Thanks Gunrunner. That verifies that the illustrated instruction in the engine manual, compared with the way the thing actually operated, was "backwards." And why the switch wiring supports the actual "backwards" operation. The switch was just mounted the wrong way.
Did that help get things running?
Nope. No command control at all. Just conventional. When I put the switch in "program," engine also moves as soon as transformer turned on. And only goes forward. I have to replace the board.
In conventional when switch in program it acts like a direction lock. In run it should reverse. Do any Command signals work? Such as Lights or couplers?
I would reprogram the ID and make sure antenna wire not grounding out. G
Thanks, CCC. No command signals at all that I can tell. In Run it starts instantly in Conventional and works like conventional would ( Forward-Neutral-Reverse ) and the headlight is on. It does not have electro-couplers. I verified that the antenna is not grounded out. I can't get it into Program mode, so I can't do a reset or anything.

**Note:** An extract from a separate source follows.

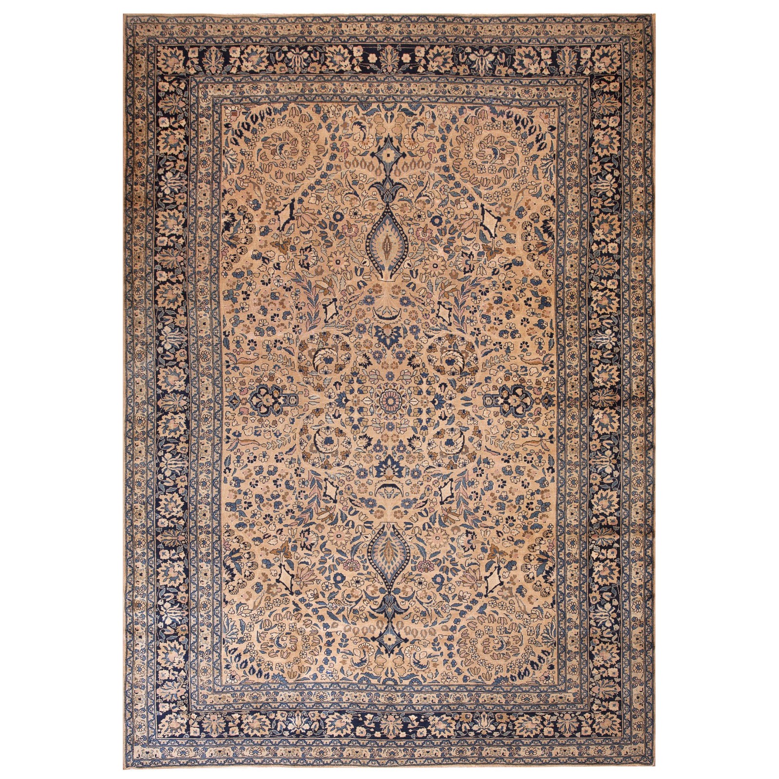 DescriptionMashadThe largest city in Khorassan Province, northeast Iran. The carpet industry there is a late 19th century creation of relocated Tabriz merchants. Both Turkish (Turkhaff) and Persian-(Farsihaft) knotted rugs are produced in large sizes up to 20 x 30, in rich colors including a mulberry. Red designs are strictly curvilinear and often large animals and birds appear. Open fields with medallion and corner ornamentation are common. The texture is thick and heavy. The use of jufti knots allows rapid production. In the 20th century, several renowned workshops (Emogli, | |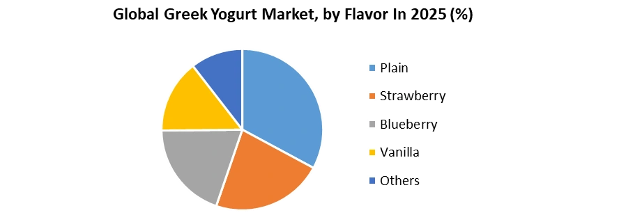 Based on Product, the whole milk segment for the Greek yogurt market was the largest in the year 2025. Whole milk Greek yogurt is the old and traditional type of yogurt. Made from whole milk, this whole milk yogurt is higher in fat content and provides a rich flavor. Whole milk is also recognized as a valuable and good source of calcium and protein with essential minerals and vitamins for our bodies. Consumers increasingly favor and prefer high-protein food sources and Greek yogurt with whole milk is considered to be the best source of protein. The Greek yogurt manufacturing companies are developing new flavors in whole milk Greek yogurt products to spread across a wide range of consumers.The other types of Greek yogurt are low-fat and non-fat yogurt. Low-fat Greek yogurt is the second most consumed type of yogurt and the demand is rising for the health benefits of more low-fat healthy options in food products. A growing consumer base with healthier preferences in food products demands reduced-fat options, low-fat options Greek yogurt options to lose weight. The yogurt manufacturers are increasing in the technological advancement for making low-fat Greek yogurt with added new flavors. Non-fat Greek yogurt is rising in demand which is made of fat-free milk, which gives the product the lowest fat content. These are a very good and rich source of protein and are mostly preferred by professional bodybuilders in the fitness industry, these products are good choices for controlling weight. Based on Flavor, strawberry flavor is the most demanded and used flavor segment in the Greek yogurt market. The Greek yogurt in the strawberry flavor comes with natural ingredients and real pieces of fruit. The rising health-conscious consumer base is aware of the nutrition provided by fruit, demands, and consumes more real fruit-based yogurt. The strawberry Greek yogurt flavors also come in a variety of products such as plain strawberry, sweetened strawberry, strawberry swirl, and strawberry with granola. Greek yogurt manufacturers are focusing on the innovation and development of new strawberry-based Greek yogurt with high protein content. The other flavors such as blueberry and vanilla are rising in use due to the difference and variations in the taste of yogurt. Blueberry being a little bit sour and tangy in taste comes in different levels of sweetness. Vanilla is a classic flavor and vanilla Greek yogurt is rich in flavor and creamy in texture. This vanilla yogurt is used with fruit, nuts, and granola. The strong appeal by consumers for healthy and protein-rich foods is growing the demand for the Greek yogurt market.

Rather than try and get a replacement LCRU which Lionel has, wouldn't I be better off getting an ERR AC Commander since I am starting from scratch? No sound involved as it's in the F3B unit. The A unit is just the board, two AC motors and the headlight.
This reminds me of a separate question. Since PW AC motors don't run all that well with the chopped wave like from my ZW-L, how come the newer Pullmor's seem to do better? Something the board does? Thanks.
FWIW, I replaced the LCRU2 in my Phantom locomotive with the AC Commander when I did my two-motor upgrade. It made an amazing difference in the low speed performance of the locomotive, it's really much more enjoyable to run now.
One issue is that you may have different performance between the LCRU equipped A-unit and the B-unit with the AC Commander, something to consider. You may be better matching the boards in the two.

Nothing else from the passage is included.